Country of production United States
original language English
Publishing year 2004
length 106 minutes
Age rating FSK o. A.
JMK 0
Rod
Director Peter Chelsom
script Audrey Wells
production Simon Fields
music Gabriel Yared ,
John Altman
camera John de Borman
cut Charlie Ireland
occupation

May i ask is the title of a US dance film from 2004, produced by Miramax Films and directed by Peter Chelsom . It is a remake of the Japanese film Shall we dance? (1996) by Masayuki Suo .

action

The Chicago lawyer John Clark actually has everything one needs to be happy: a wife who loves him, two children and a secure existence. Yet he feels a kind of dissatisfaction and an inner emptiness. On the way home, he takes the elevated train past a dance school every evening and often sees a dance teacher standing at the window who looks absently melancholy outside. Fascinated by her, he decides to secretly register for a dance class there. But even when it becomes clear to him that Paulina doesn't want to know anything about him, he continues dancing and finally even prepares to take part in a dance tournament.
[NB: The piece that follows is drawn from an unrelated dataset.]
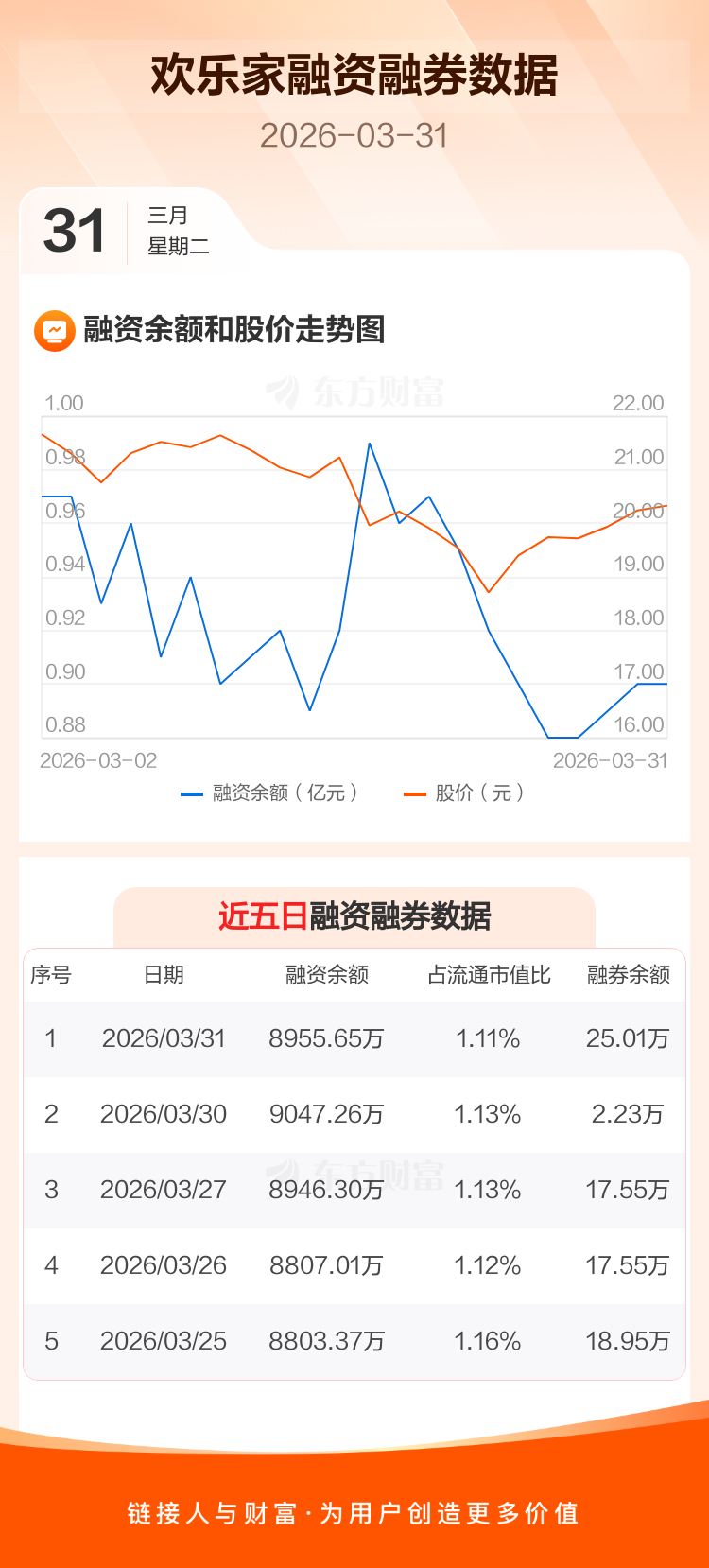 交易所最新数据显示,欢乐家于2026年3月31日获融资买入889.48万元,融资偿还981.09万元,当日融资净偿还91.61万元。目前,该股融资余额8955.65万,占流通市值比例为1.11%。

His wife becomes suspicious of his increasingly better mood. That's why she hires a detective and learns about his secret . She goes to the tournament with her daughter. When Clark notices this, he gets out of step, so that his partner Bobbie suddenly finds himself in a petticoat after a collision with another couple. John gives up dancing, but his wife realizes what it means to him. After a reconciliation, they go to dance school to say goodbye to Paulina, who wants to dance at tournaments again.

The film music

The theme music Shall We Dance varies from tango rhythms and salsa arrangements to the song in Spanglish , sung by Gizelle D'Cole and Pilar Montenegro . The song Shall We Dance originally comes from the musical The King and I and became known in the film version with Deborah Kerr and Yul Brynner . The American R'n'B singer Mýa sings a cover version of the David Bowie classic Let's Dance as a slow hip-hop variant including a rap interlude. The tango between the two main actors is danced to Santa maría (del buen ayre) by Gotan Project . There are also two Mexican boleros : Perfidia by the Chiapas- born composer Alberto Domínguez Borras and ¿Quién será? by Pablo Beltrán Ruiz from Sinaloa . The latter is known in the United States as the English cover version Sway ( Dean Martin et al.); in the final sequence he is covered by the group Pussycat Dolls with Nicole Scherzinger .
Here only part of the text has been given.